(Dataset items)
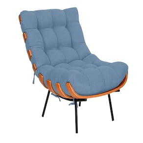 Poltrona e Puff Costela Com Base Metálica Preta no Linho Azul - Vallisa Decor
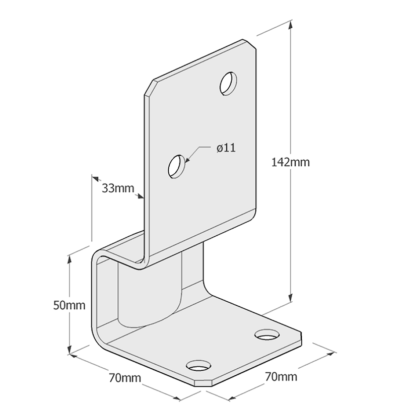 Patka sloupku 34x70x70x142x50mm, 3mm pozink
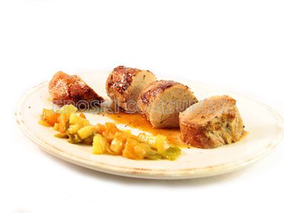 Cortamos en tacos los solomillos y salseamos con la salsa. Acompañamos con un pisto de hortalizas de la temporada.
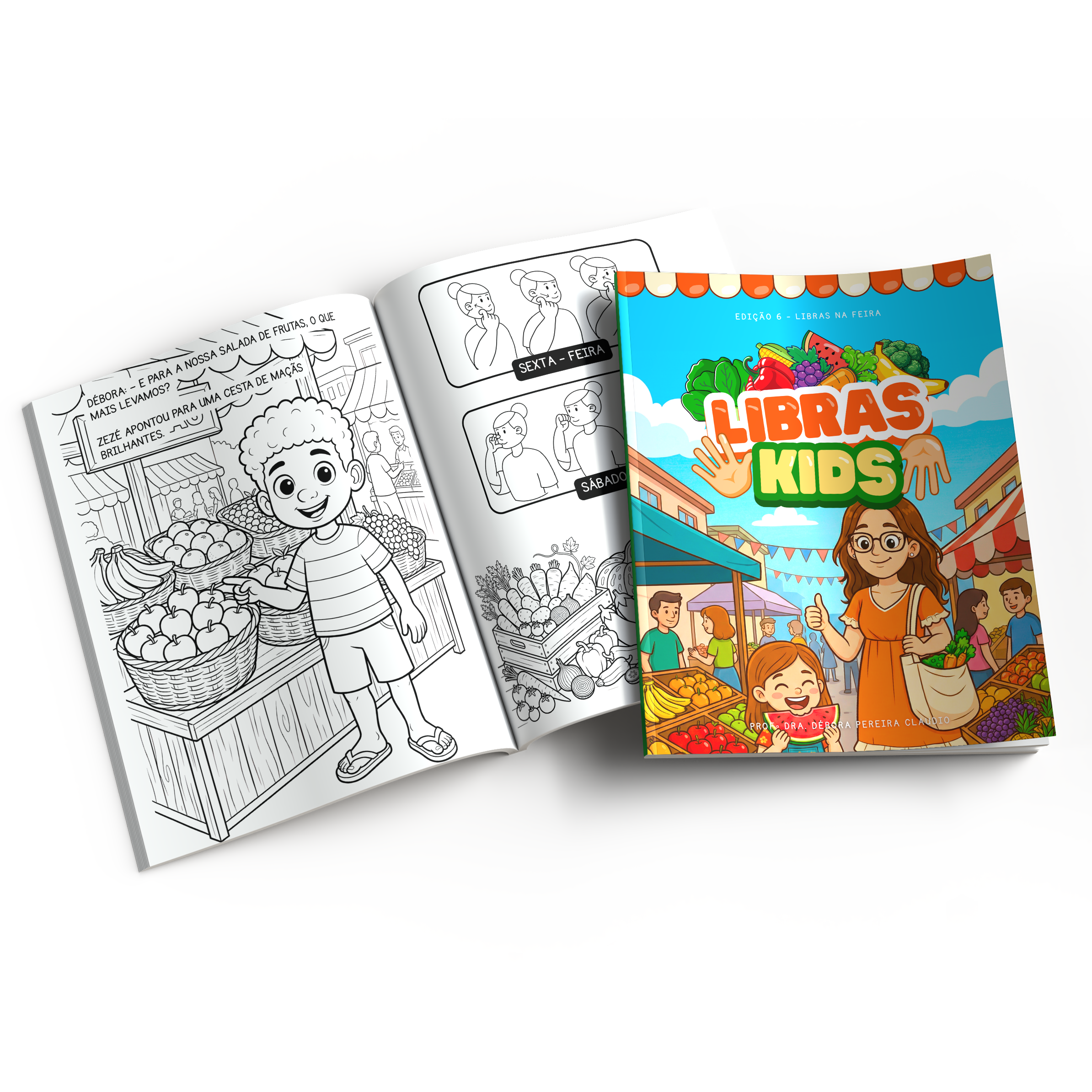 Libras Kids é uma revista física pensada para crianças, com o objetivo de apresentar a Libras de forma leve, divertida e inclusiva. Nessa edição 06 a turminha vai aprender Libras durante um passeio na feira. Desenvolvida para ser usada em casa, na escola ou em projetos educativos, a revista traz histórias ilustradas, músicas infantis com QR Code para aprender os sinais, personagens encantadores e atividades que estimulam o aprendizado natural da língua de sinais.
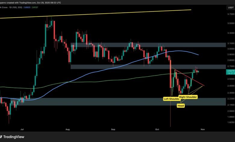 However, the market now faces a major resistance confluence around $2.7, aligning with the neckline structure and the upper boundary of the recent supply zone. This region represents the first decisive test for bulls. A clean close above $2.7 would confirm a structural trend reversal, opening the path toward the $2.9–$3.1 resistance cluster.
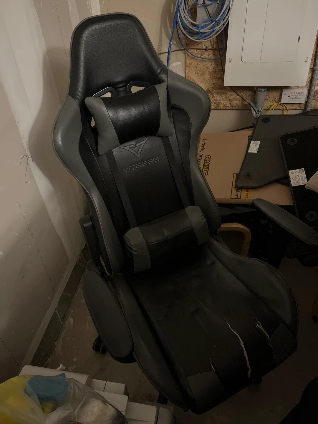 Selling a Vitesse gaming chair. It has a headrest pillow and lumbar support pillow for extra comfort. Used for a few years.
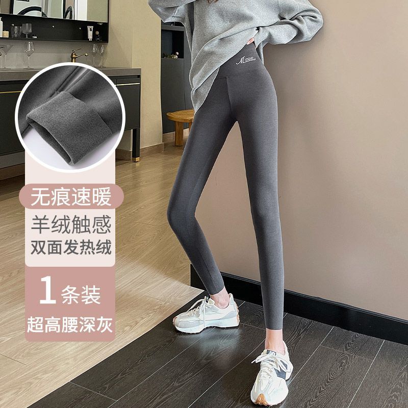 벨벳 레깅스 양면 프로스트 가을 바지 편안한 따뜻한 면화 바지 여성 외부 착용 높은 허리 자른 바지 기모 면 바지스토어 가기
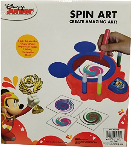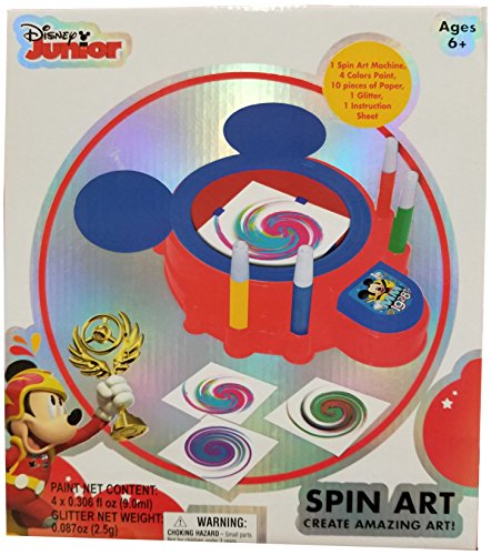 Studio : Disney Publisher : Disney Binding : Toy Product Description The Disney Junior Mickey Mouse Spin Art set comes with 1 spin art machine, 4 colors of paind, 10 pieces of paper, a glitter, and an instruction sheet to teach you how to use it. This toy can be lots of fun for the creative child. 0
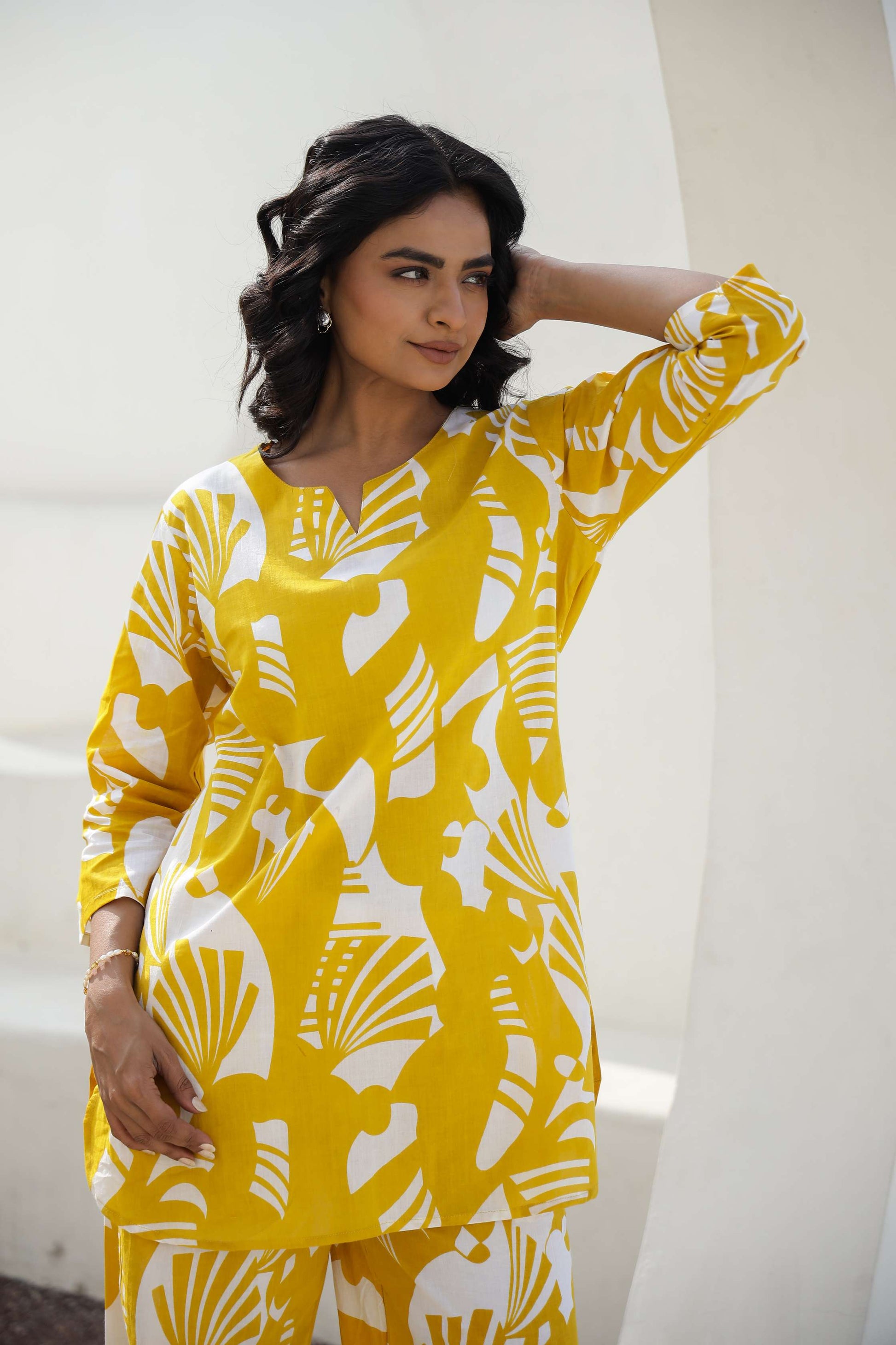 Brighten up your wardrobe with this Sunny Yellow Abstract Cotton Cord Set. Made from soft, breathable cotton, this vibrant co-ord set features a playful abstract print in fresh white on a bold yellow base. The set includes a relaxed-fit kurta top and straight-leg trousers, perfect for sunny day outings, casual brunches, or vacation styling.
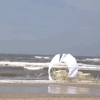 공대에서 물리학을 공부하다 자퇴한 그는, 1990년부터 '키네틱 아트 Kinetic Art'에 주력한 결과, 모래밭에서 스스로 걷는 "해변동물 Strandbeest" 시리즈를 창조해냈죠.
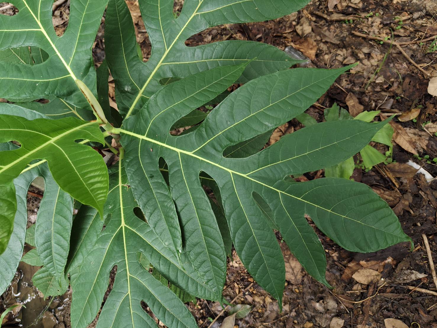 | ลักษณะใบ | ใบเป็นใบเดี่ยวออกสลับกัน ลักษณะใบคล้ายรูปไข่ ใบมีสีเขียวเข้ม ใบใหญ่และหนา มีรอยหยักหรือร่องลึกเกือบถึงก้านกลางใบ (คล้ายใบมะละกอ) ก้านใบเห็นเด่นชัด |
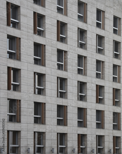 many rows of glass windows frames on large square grey concrete tiles wall of business office building. front view. gray tiled exterior. Belgrade Serbia City town centre .
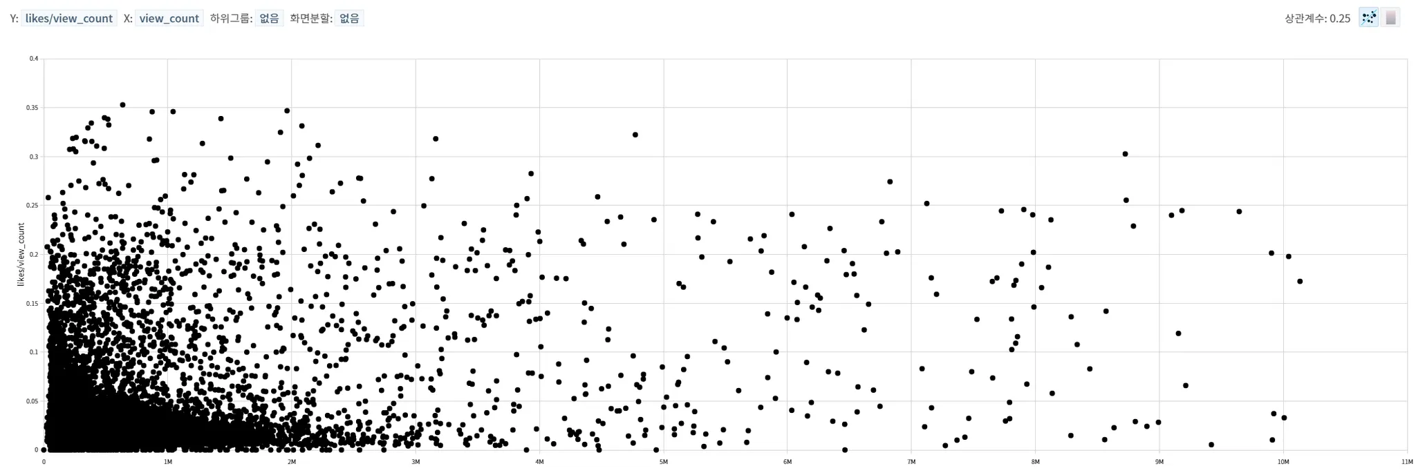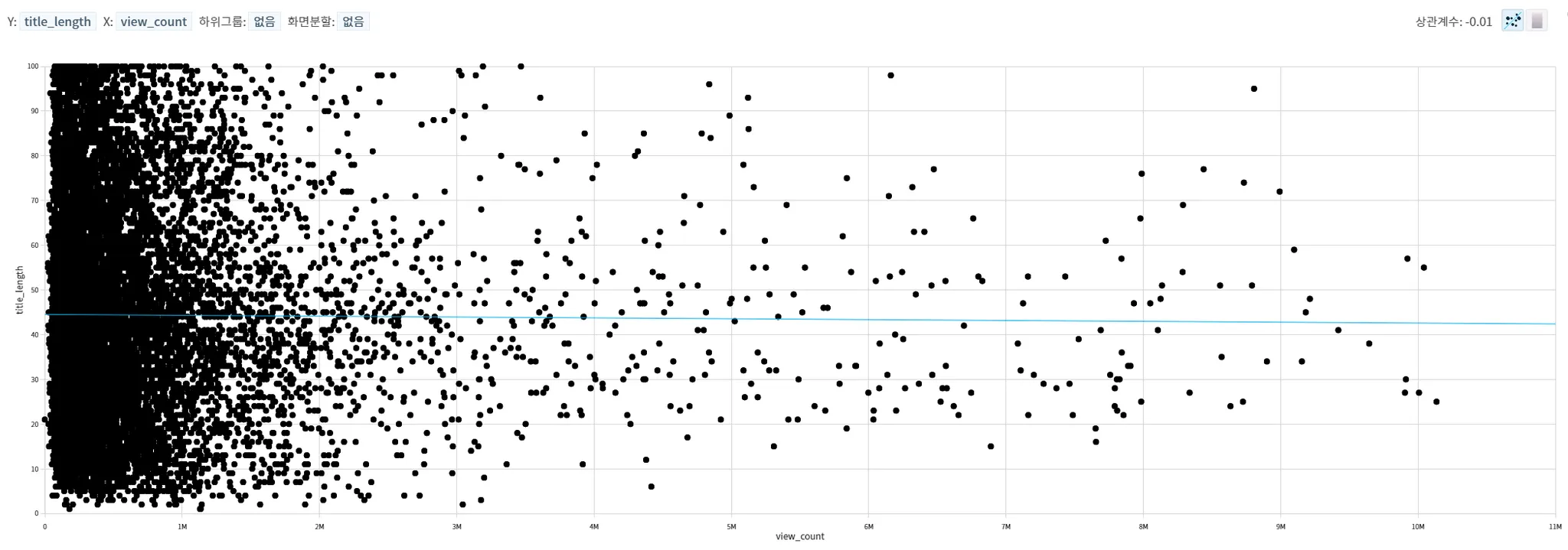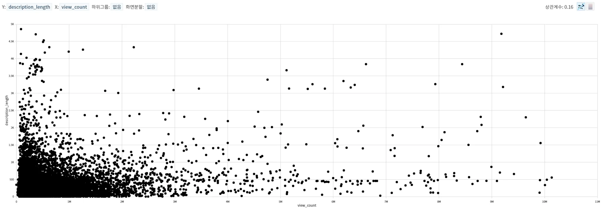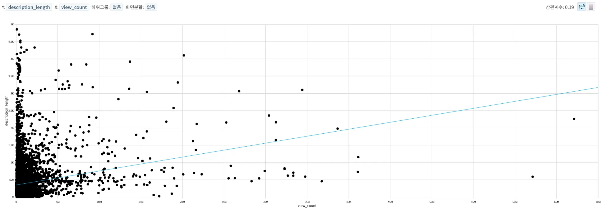 조회수에 영향을 주는 항목들이 무엇인지 알아보기 위한 산점도입니다.

Assigned task: Each line from the one containing "Brighten up your" through the last line of the entries above should be duplicated exactly, both included; leave out pictures and add nothing.

Exercise answer:
 Brighten up your wardrobe with this Sunny Yellow Abstract Cotton Cord Set. Made from soft, breathable cotton, this vibrant co-ord set features a playful abstract print in fresh white on a bold yellow base. The set includes a relaxed-fit kurta top and straight-leg trousers, perfect for sunny day outings, casual brunches, or vacation styling.
 공대에서 물리학을 공부하다 자퇴한 그는, 1990년부터 '키네틱 아트 Kinetic Art'에 주력한 결과, 모래밭에서 스스로 걷는 "해변동물 Strandbeest" 시리즈를 창조해냈죠.
 | ลักษณะใบ | ใบเป็นใบเดี่ยวออกสลับกัน ลักษณะใบคล้ายรูปไข่ ใบมีสีเขียวเข้ม ใบใหญ่และหนา มีรอยหยักหรือร่องลึกเกือบถึงก้านกลางใบ (คล้ายใบมะละกอ) ก้านใบเห็นเด่นชัด |
 many rows of glass windows frames on large square grey concrete tiles wall of business office building. front view. gray tiled exterior. Belgrade Serbia City town centre .
 조회수에 영향을 주는 항목들이 무엇인지 알아보기 위한 산점도입니다.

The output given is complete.